With regard to the electrical load demand forecasts, the data referred to the measured load demand in an industrial area connected to the medium voltage grid and were sampled every 10 min. The forecasts were made for three time horizons: 10 min, 1 h and 12 h ahead. The results demonstrated that the proposed initial models outperformed the linear regression model for the last two horizons, while, for the first, the results were worse than those achieved with a simple persistence model. By comparing the results for the three time scales, it was verified that the forecast accuracy decreased for longer time horizons, which highlights the higher difficulty to make longer forecasts due to the higher uncertainty of the data. Additionally, for very short time scales, the findings suggest that a simpler model can provide better estimates.
The initial electrical load demand forecasting errors analysis showed that the model might not have extracted all the information from the input data as the error distribution was not centered at zero and there was a correlation between a given error and the previous ones. Indeed, the error forecasting models achieved good forecasting accuracy, with a lower RMSE and MAE than the initial models.
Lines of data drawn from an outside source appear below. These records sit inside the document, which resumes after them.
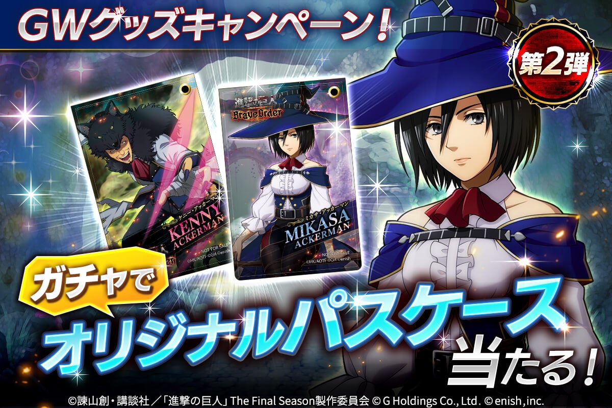 Starting May 5, 2023 (Friday), if you get lost in Fairy Tale (Half 2), you can get a limited pass with a clue[الجنية]Mikasa Ackerman and[الجنية]Kenny Ackerman by playing the gacha. Merchandise Campaign!
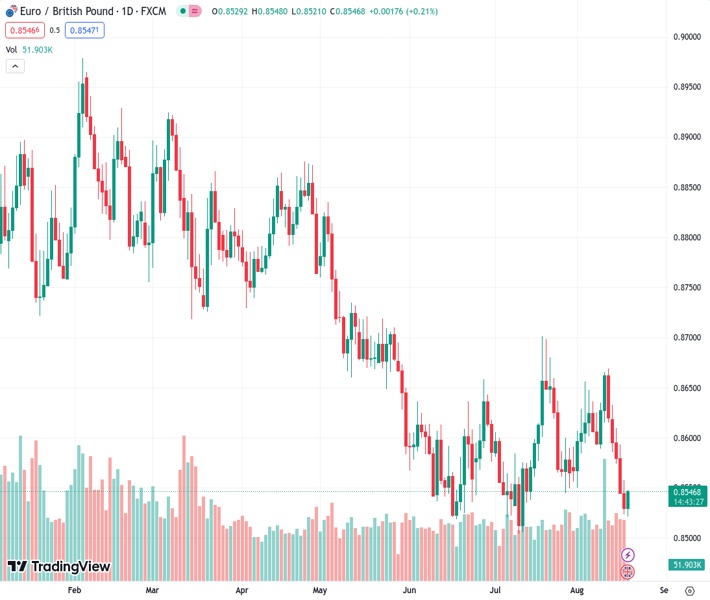 The EURGBP pair, currently trading at 0.85457, continues to rebound from its lowest point in the past five weeks in response to negative retail sales data from the UK.
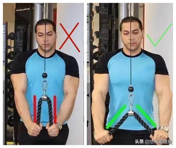 向下拉动绳索后,需要做到完全伸直手臂,同时还要将绳索向着两端分开一些,这样外侧头才有明显受力。
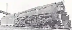 PRR's Board approved $595,000 for the construction of this experimental Class dual service locomotive on Oct. 9, 1940. it was built in March 1942. Its streamlined shrouding, according to an interview of John W. Epstein, Special Projects Manager and vice president, Raymond Loewy & Assoc.,[2] was designed by Raymond Loewy, but,due to WWII, there was no publicity about it. The Q1 was a duplex locomotive; it had a wheel arrangement of 4-6-4-4, consisting of a four-wheel leading truck, two sets of driving wheels (six followed by four) in a rigid locomotive frame and a four-wheel trailing truck. The first group of six driving wheels was driven by a pair of cylinders mounted conventionally in front of them, while the rear four driving wheels were driven by cylinders mounted behind them on either side of the firebox.[3] As a locomotive designed for dual service like PRR M1s,[4] it was given larger-sized driving wheels at 77 in (1.956 m), which was as large as the Grand Trunk Western class U-4-b 4-8-4 "Northern" type.

Furthermore, by combining the predicted error with the initial forecasts, it was possible to improve the initial results significantly for all time scales. Especially for the 10-min-ahead forecasts, the application of the proposed methodology resulted in a more accurate model than the persistence model.
The proposed methodology, including two forecast steps, based on historical data and errors, achieved accurate results in all time horizons when compared with the baseline method. This is a good indicator of the applicability of the method in real scenarios when short-term forecasts are required. To prove the effectiveness of the method, application in larger datasets considering consumers with different profiles will be tested. Depending on the type of consumers, residential, industrial or service buildings, some adjustments can be included in the method, namely the use of more hidden layers in the FFNN. These hidden layers can increase the complexity of the method as well as the execution time. A balance between the effectiveness and efficiency of the method should be identified according to the specific applications.